DEAN Shadow Music
This superb new release in BIS’s series devoted to Brett Dean takes its name of the longest piece in the collection. Shadow Music is an anxious 2002 triptych with the whimpering, straining ‘Forgotten Garden’ at its core, an evocation of verdure that’s ‘a shadow of its former self’ (Dean) and not at all happy about it.
But the recording’s title applies throughout, too, though the shadows come in differing shades. First there’s the shadow of other musicians in Etüdenfest (2000), a harrowing portrait of string players at practice. A blurry whirl of études, finger turners, scales and arpeggios creates a neurotic chaos, the music seeming at one point to drift off to sleep, with exercises the only dreams, before tuning up again in a daze. At the end, an unwelcome interloper breaks in – a pianist, inciting mayhem and collapse.
There’s the shadow of other composers in Short Stories (2005). That might mean an earlier generation of miniaturists that Dean is consciously paying homage to, such as Webern and Satie, or contemporaries with the gnarlier, more abrasive language that Dean hints at in ‘Devotional’ and ‘Embers’ but rejects in the closing ‘Arietta’, a tender elegy that’s the last of five narratives.

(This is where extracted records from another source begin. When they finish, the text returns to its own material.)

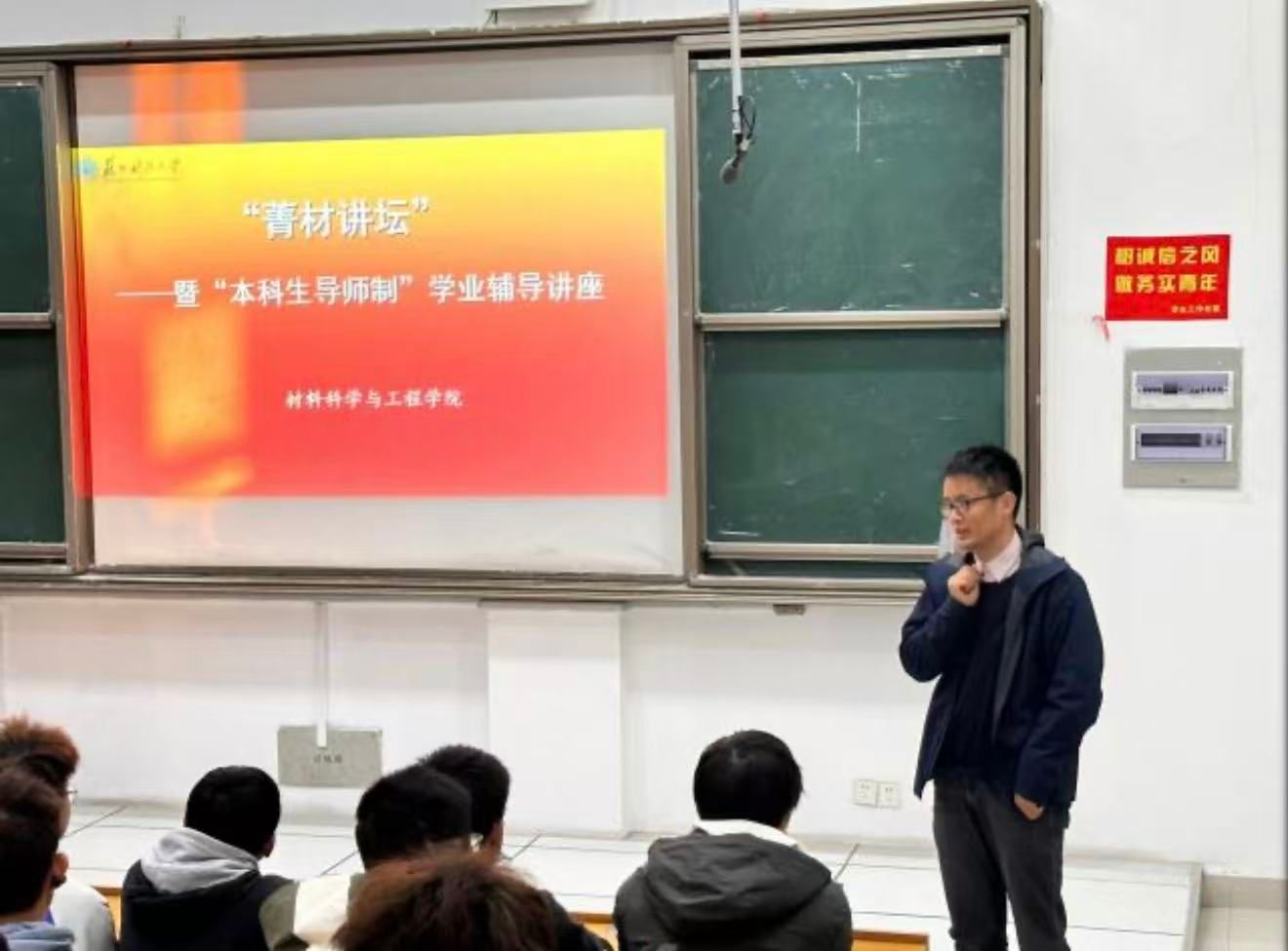 11月14日,3044永利开展“菁材讲坛”暨“本科生导师制”学业辅导讲座。本期讲座主讲人为学院新能源教师党支部、本科生导师、副教授胡俊蝶老师。公司党委副书记兼副经理李永丹、副经理杨晓刚及新生班主任们出席本次活动。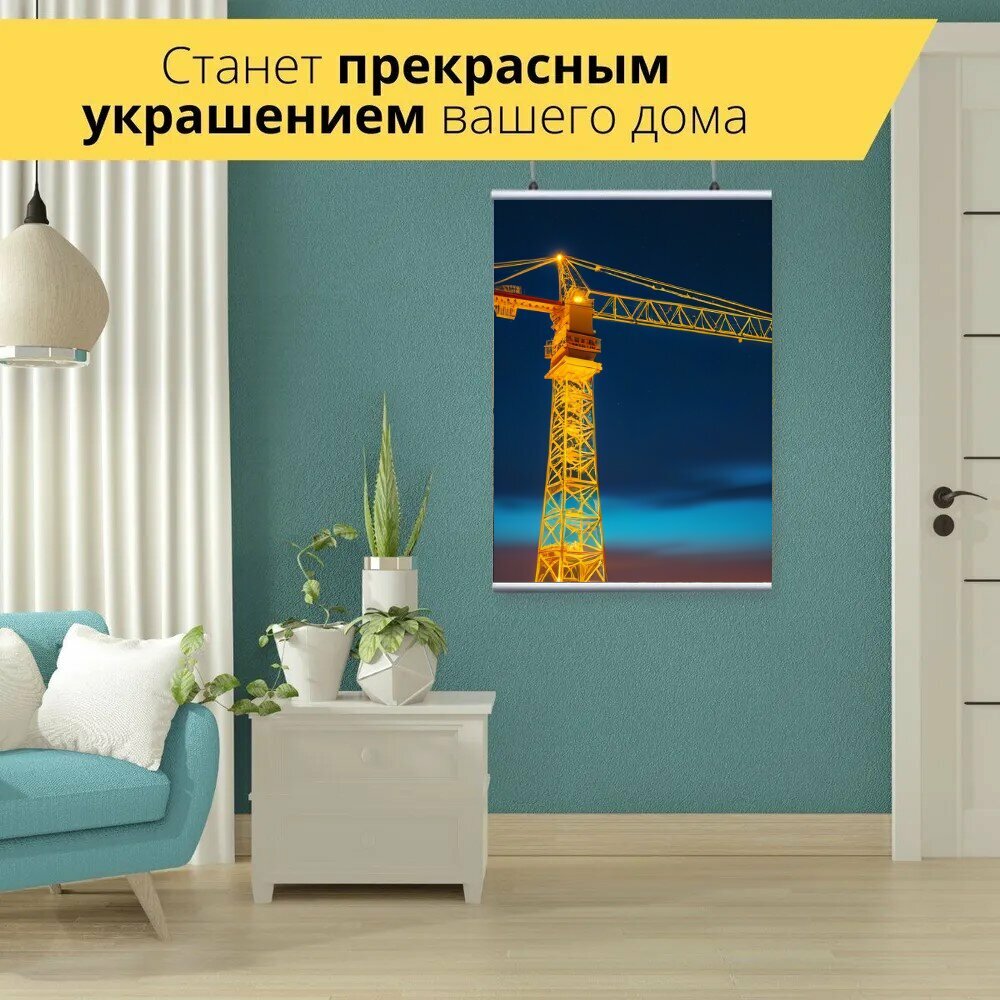 Картина на холсте "Подъемный кран с яркими огнями на фоне ночного неба" с подвесами 60х90 см. для интерьера на стену интересное: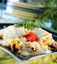 Fisk i mikron med champinjonris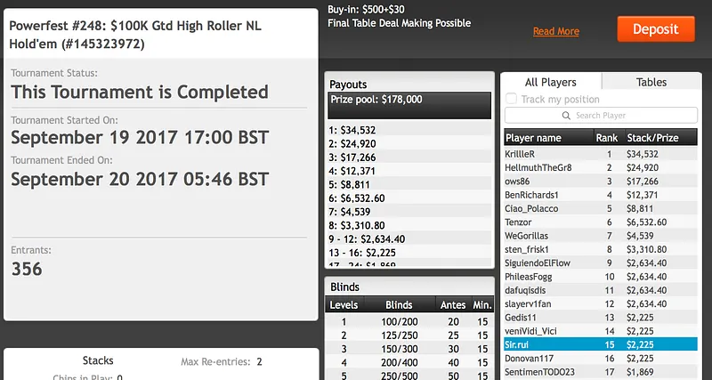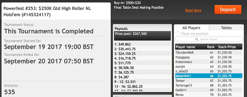 O maior foi no Evento #247 do qual Pedro "HanzooKid" Marques foi vice-campeão. O torneio contou com 960 entradas o que formou um prize pool de $96.000. Marques quase batia todos os oponentes e levava a maior fatia mas, infelizmente, foi derrotado no heads-up por OMGpourvu (1º - $16.780). Ainda assim, o Português embolsou $11.980 que juntará aos excelentes resultados que tem alcançado.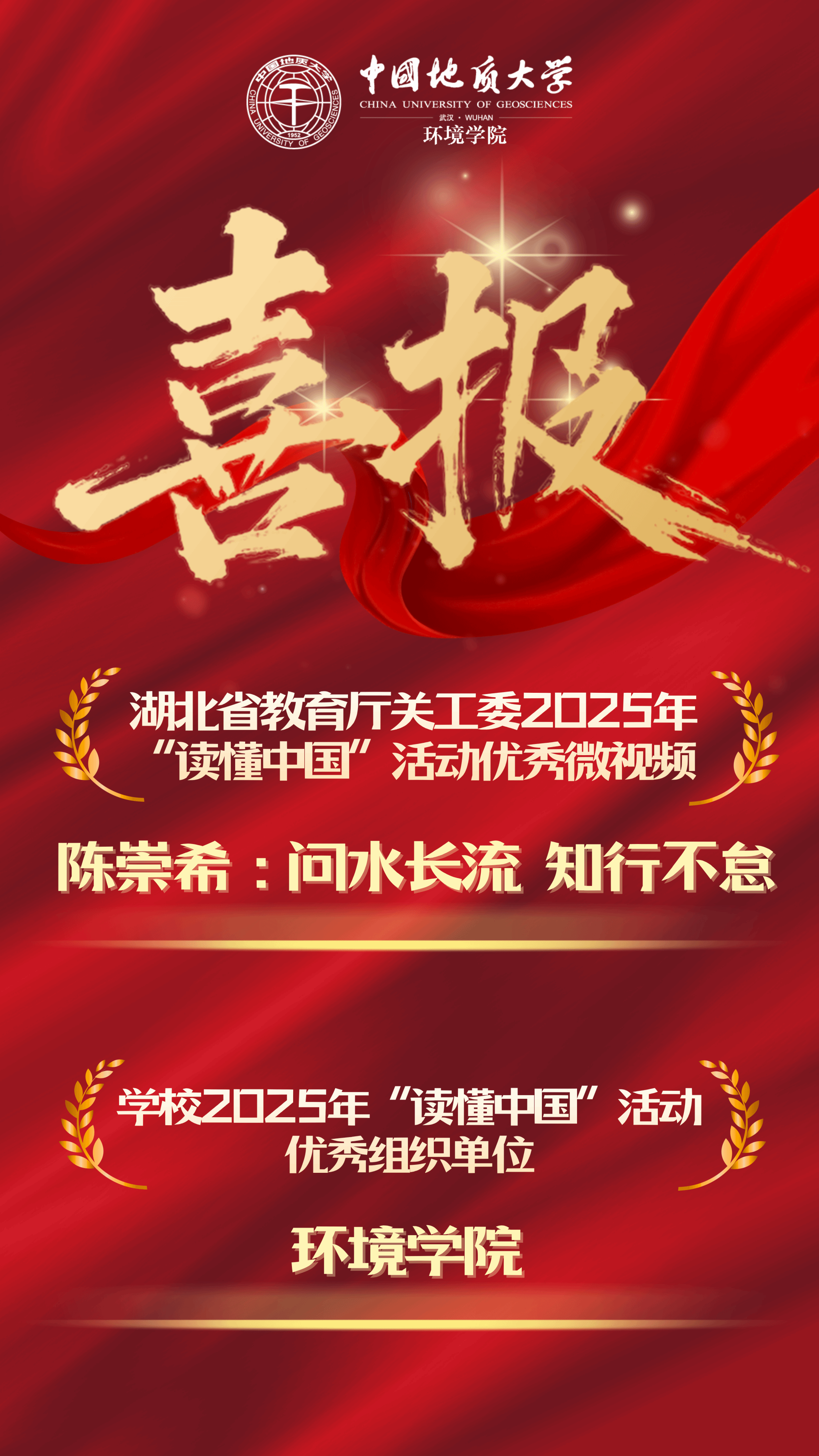 (通讯员/编辑 申墁烨)近日,学校对2025年“读懂中国”活动先进集体和个人进行表彰。我院制作的微视频作品《陈崇希:问水长流,知行不怠》获湖北省教育厅关工委2025年“读懂中国”活动优秀微视频,我院获评学校2025年“读懂中国”活动优秀组织单位。
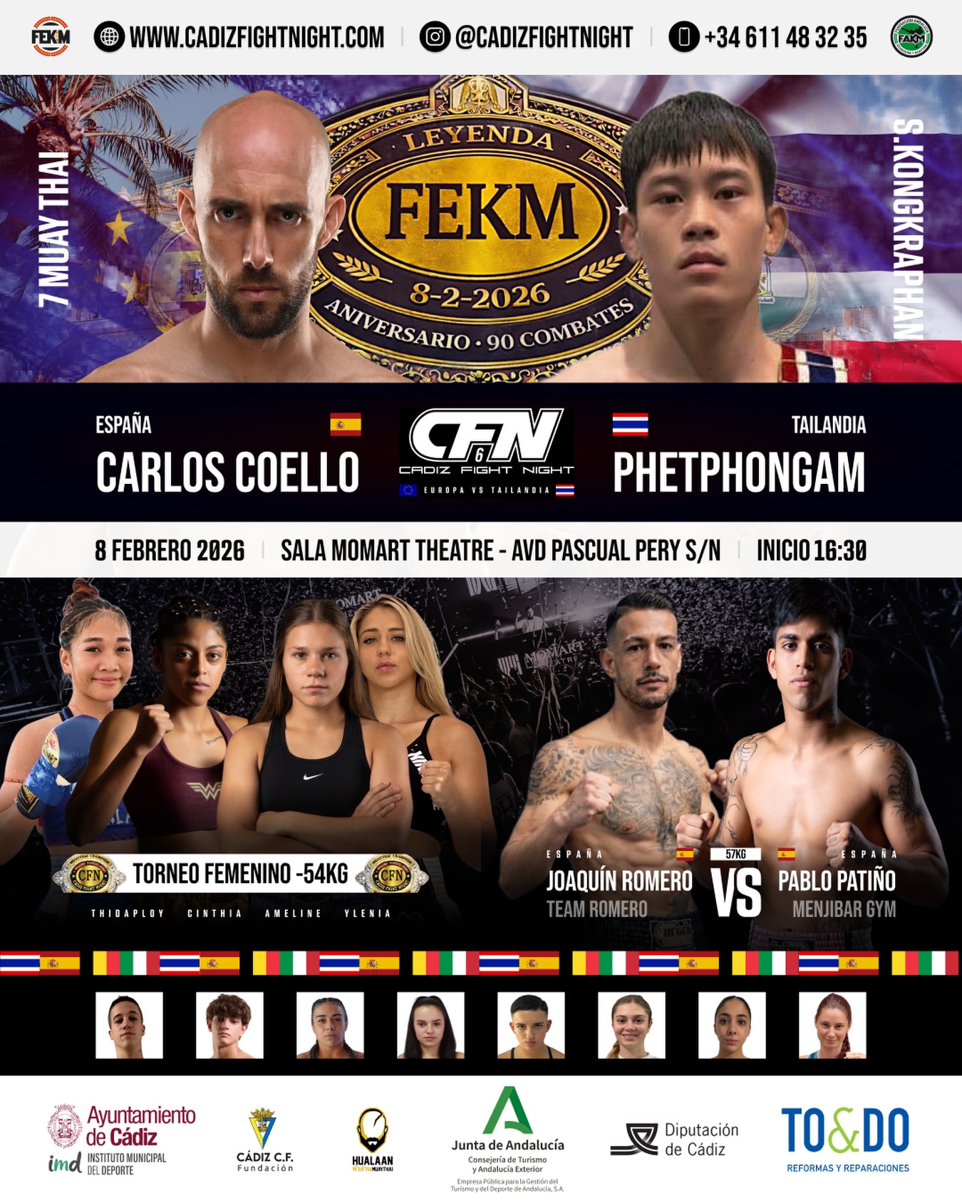 La VI Cádiz Fight Night reunirá en Cádiz a deportistas y aficionados de los deportes de contacto en una velada con presencia de combate masculino y femenino y un marcado carácter internacional. La cita propone un cartel con duelos de alto nivel y el atractivo del formato Europa vs Tailandia, con Carlos Coello y Phetphongam como principales protagonistas.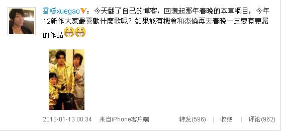 黄心昱在微博透露,若再与周杰伦合作登陆春晚,一定要有更好作品(图片来源:微博截图)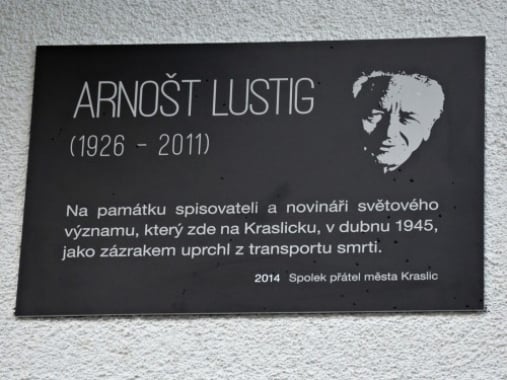 Útěk Arnošta Lustiga z transportu smrti dnes připomíná pamětní deska na nádraží v Kraslicích. Fotografie převzata z Portálu literárních muzeí.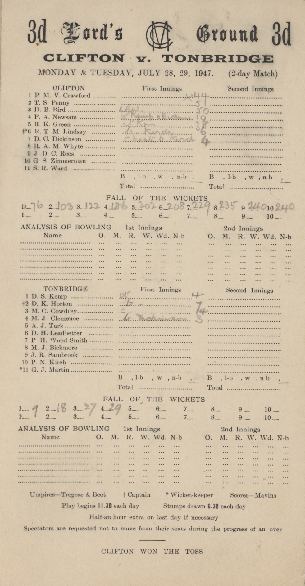 Cricket » Cricket Scorecards » Schools/Universities » CLIFTON V TONBRIDGE 1947 CRICKET SCORECARD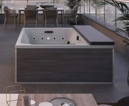 Facile à mettre en œuvre grâce à son faible poids, idéal pour les terrasses et les petits espaces, ce spa en duo est la solution pour un quotidien détendu et plus serein. Parfait pour se déconnecter en un rien de temps ! Existe en version tête à gauche ou tête à droite.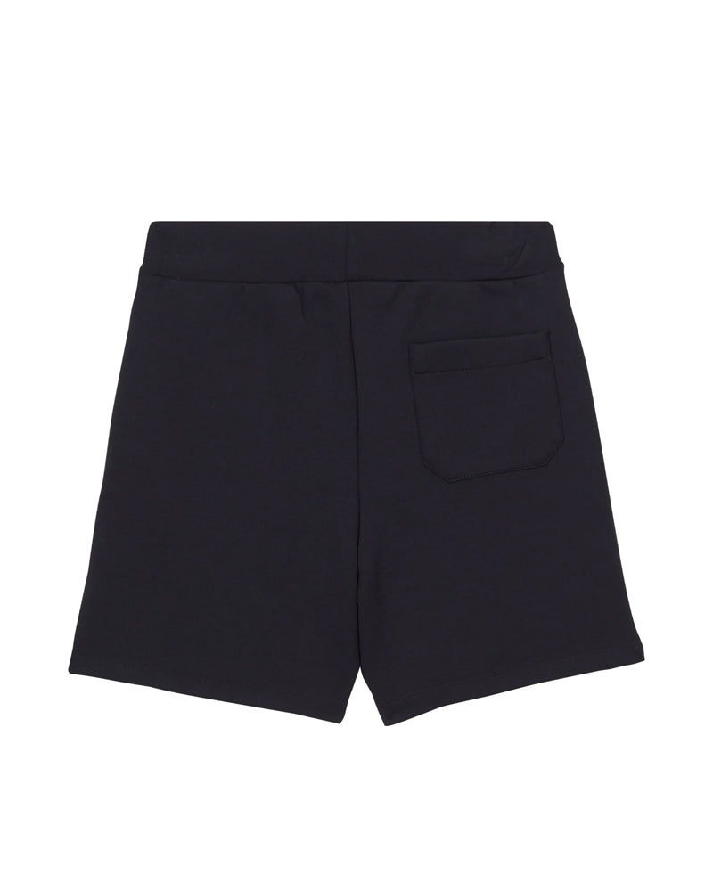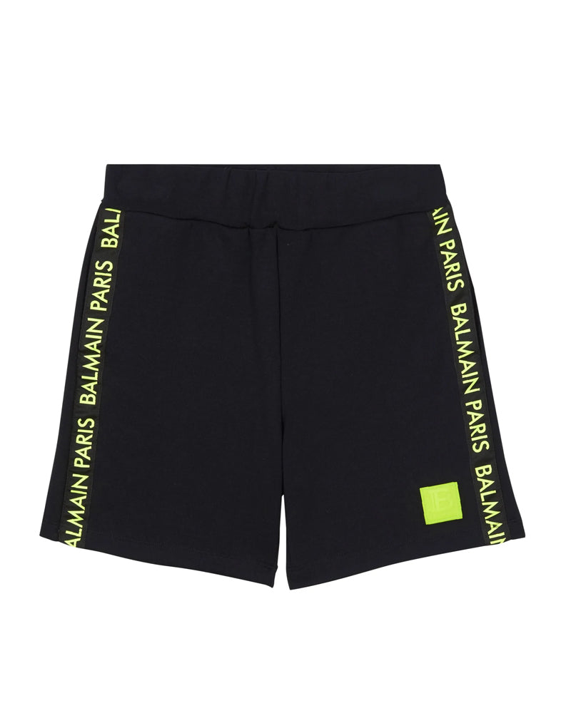 Bermuda nero con applicazioni in contrasto verde neon, design elasticizzato, rifinitura con logo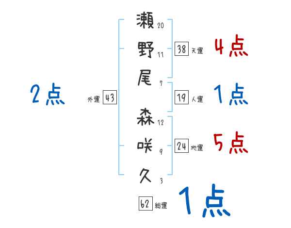 人運![]() | 瀬野尾森咲久さんの人運は19画の1つ星!優れた才能を持ちますが、協調性が足りないことも。周りの人と協力する事を意識しましょう。 性格や才能などを表す2番目に重要な運勢です。人間関係や協調性、社会的な成功に影響します。主に20歳から50歳ぐらいまでの中年期の運勢を表します。 |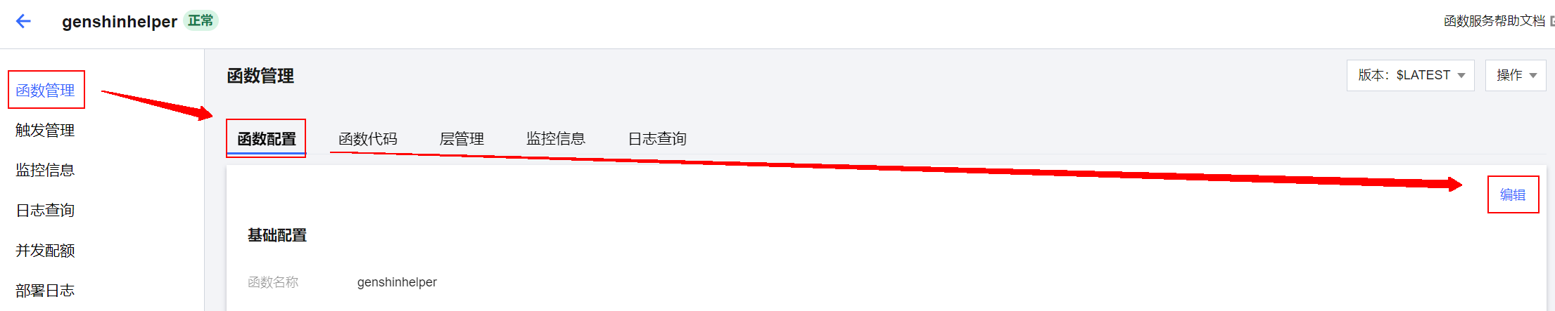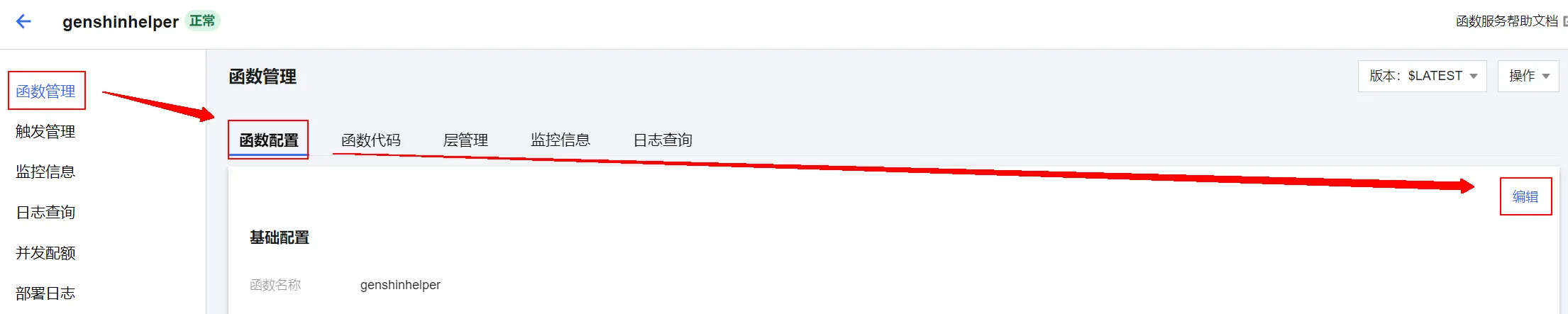 前往genshinhelper—>函数管理—>函数配置—>编辑

And then there’s the shadow of Beethoven. (Isn’t there always?) Dean’s Testament (2008) has already appeared in its original 2002 version for 12 violas (1/14), and that constrained palette might better suit the subject matter – a thrash against deafness, a struggle for a way forwards – than this feverish orchestration. Even so, given Testament’s quotations from the slow movement of the first ‘Razumovsky’ Quartet, Dean’s 2013 arrangement of the Beethoven for strings, clarinet and flute makes for a delicate, characterful prelude. Like everything else here, it’s dispatched with breathtaking ease by the Swedish Chamber Orchestra.